Все указанные антибиотики являются кислотно-щелочными индикаторами, которые придают растущей культуре характерный цвет, зависящий от рН среды. В свою очередь рН (и цвет) среды зависят от того, какое соединение синтезируется. Мутанты родительского штамма S. coelicolor, не способные синтезировать актинородин, бесцветные. Появление окраски после трансформации штамма АМ-7161 Streptomyces sp. либо штаммов В1140 или Тu22 S. violaceoruber плазмидой, несущей все или несколько генов, кодирующих ферменты биосинтеза актинородина, свидетельствует о синтезе нового антибиотика. Трансформанты штамма АМ-7161 Streptomyces sp. и штамма В1140 S. violaceoruber, содержащие плазмиду pIJ2303, синтезируют антибиотики, кодируемые и плазмидой, и хромосомной ДНК. Однако при трансформации штамма Tu22 S. violaceoruber плазмидой рIJ2303, наряду с актинородином синтезируется новый антибиотик — дигидрогранатиродин, а при трансформации штамма АМ-7161 Streptomuces sp. плазмидой pIJ2315 синтезируется еще один новый антибиотик — медерродин А.
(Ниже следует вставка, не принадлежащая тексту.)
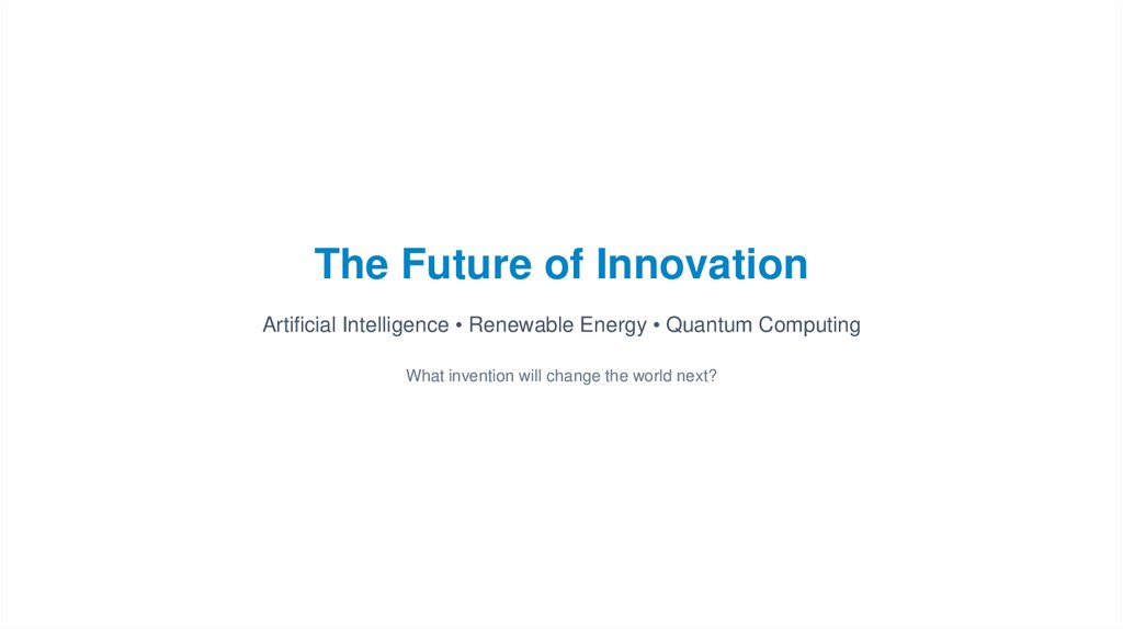 The Future of InnovationArtificial Intelligence • Renewable Energy • Quantum Computing
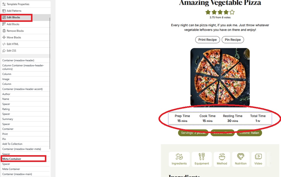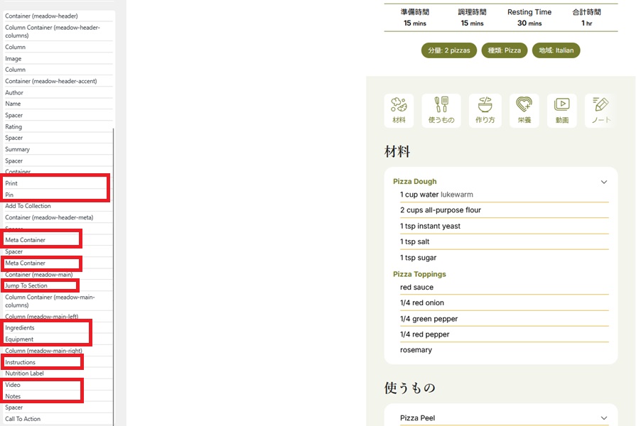 - Meta Container(2つ目):何人前(Servings)・種類(Course)などの文字
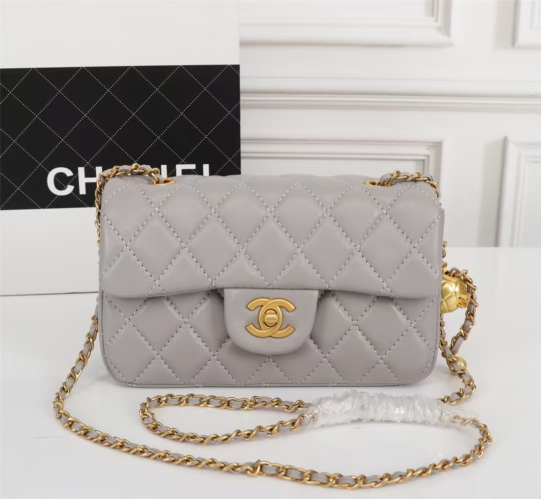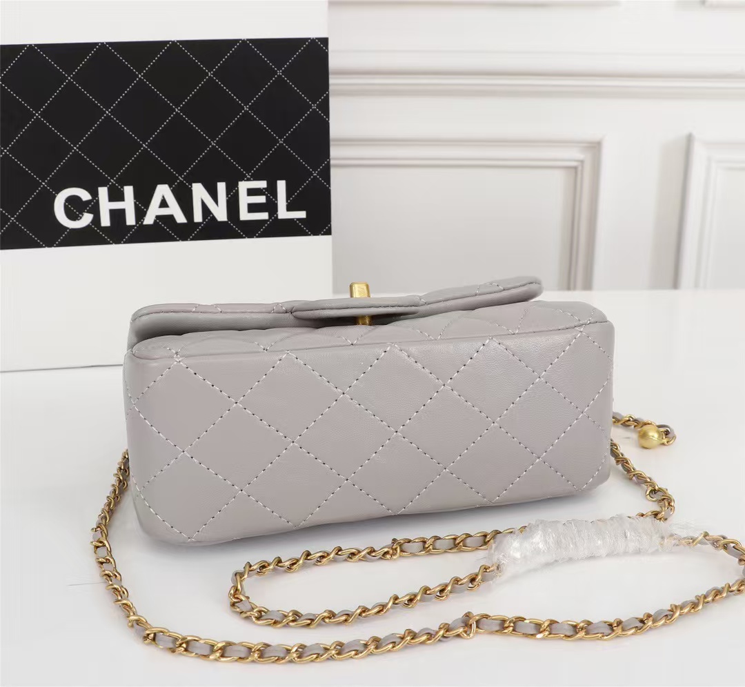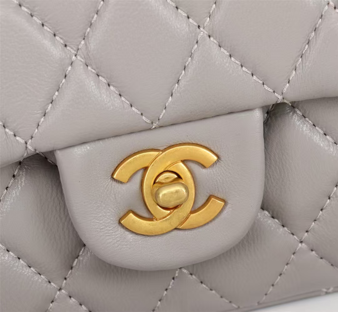 Chanel Classic Flag Bag Pearl Crush Mini Rectangular Flap Bag Light Grey Antique Gold Hardware(7A regular version)
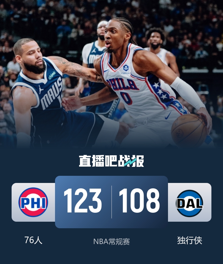 比赛开始,双方上来大打对攻战,进攻端手感都不错,随后弗拉格接连反击送暴扣,独行侠首节建立6分领先,次节76人多点开花,上来就轰出17-2攻击波反超比分,随后双方连续走上罚球线,克里斯蒂联手弗拉格止血,但76人还能回应保持双位数领先。下半场,双方命中率都有下降,但分差还是保持在10分左右,独行侠替补能上来咬住比分,三节独行侠落后9分,末节独行侠连续追分,但马克西联手恩比德还能给出回应,76人重新领先双位数,埃奇库姆大帽加三分杀死比赛,最终76人123-108力克独行侠。

В структурном отношении эти новые антибиотики мало отличаются от актинородина, медермицина, гранатицина и гидрогранатицина и, вероятно, образуются в том случае, когда промежуточный продукт одного пути биосинтеза служит субстратом для фермента другого пути. Когда будут детально изучены биохимические свойства различных путей биосинтеза антибиотиков, появится возможность создавать новые уникальные высокоспецифичные антибиотики, манипулируя генами, которые кодируют соответствующие ферменты
Усовершенствование производства антибиотиков.С помощью генной инженерии можно не только создавать новые антибиотики, но и увеличивать эффективность синтеза уже известных. Лимитирующим фактором в промышленном производстве антибиотиков с помощью Streptomyces spp. часто является количество доступного клеткам кислорода. Вследствие плохой растворимости кислорода в воде и высокой плотности культуры Streptomyces его часто оказывается недостаточно, рост клеток замедляется и выход антибиотика снижается. Чтобы решить эту проблему, можно, во-первых, изменить конструкцию биореакторов, в которых выращивается культура Streptomyces, а во-вторых, используя методы генной инженерии, создать штаммы Streptomyces, более эффективно использующие имеющийся кислород. Эти два подхода не исключают друг друга.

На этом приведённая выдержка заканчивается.